**Work to be completed**
Search the listing below for the line containing "De grafiek en". From there through the line containing "Sarı Renk Işıltılı", transcribe every line exactly, both ends included.

**** Provided entries ****

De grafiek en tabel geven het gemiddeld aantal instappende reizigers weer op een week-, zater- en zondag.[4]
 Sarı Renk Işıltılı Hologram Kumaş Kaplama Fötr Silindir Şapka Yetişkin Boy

****
**** Provided entries ****

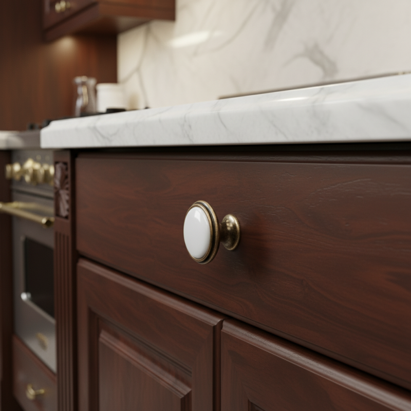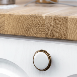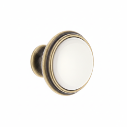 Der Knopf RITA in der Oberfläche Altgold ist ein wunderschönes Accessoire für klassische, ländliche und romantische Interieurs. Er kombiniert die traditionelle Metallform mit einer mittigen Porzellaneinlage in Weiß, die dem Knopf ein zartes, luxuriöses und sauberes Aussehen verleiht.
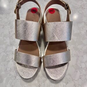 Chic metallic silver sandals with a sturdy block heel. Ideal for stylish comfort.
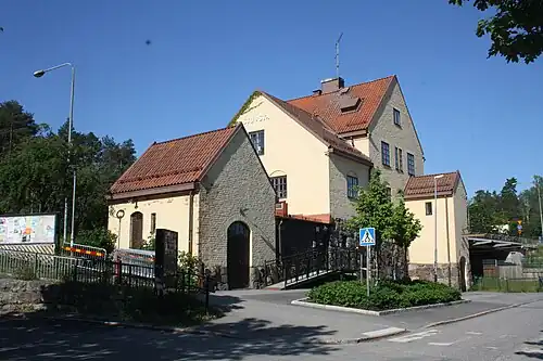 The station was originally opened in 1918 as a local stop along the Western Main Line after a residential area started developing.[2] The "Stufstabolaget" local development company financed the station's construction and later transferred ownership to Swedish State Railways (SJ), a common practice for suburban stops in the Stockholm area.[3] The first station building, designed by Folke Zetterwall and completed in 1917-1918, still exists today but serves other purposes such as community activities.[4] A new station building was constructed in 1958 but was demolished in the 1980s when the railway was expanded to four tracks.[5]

****

**Answer box**
De grafiek en tabel geven het gemiddeld aantal instappende reizigers weer op een week-, zater- en zondag.[4]
 Sarı Renk Işıltılı Hologram Kumaş Kaplama Fötr Silindir Şapka Yetişkin Boy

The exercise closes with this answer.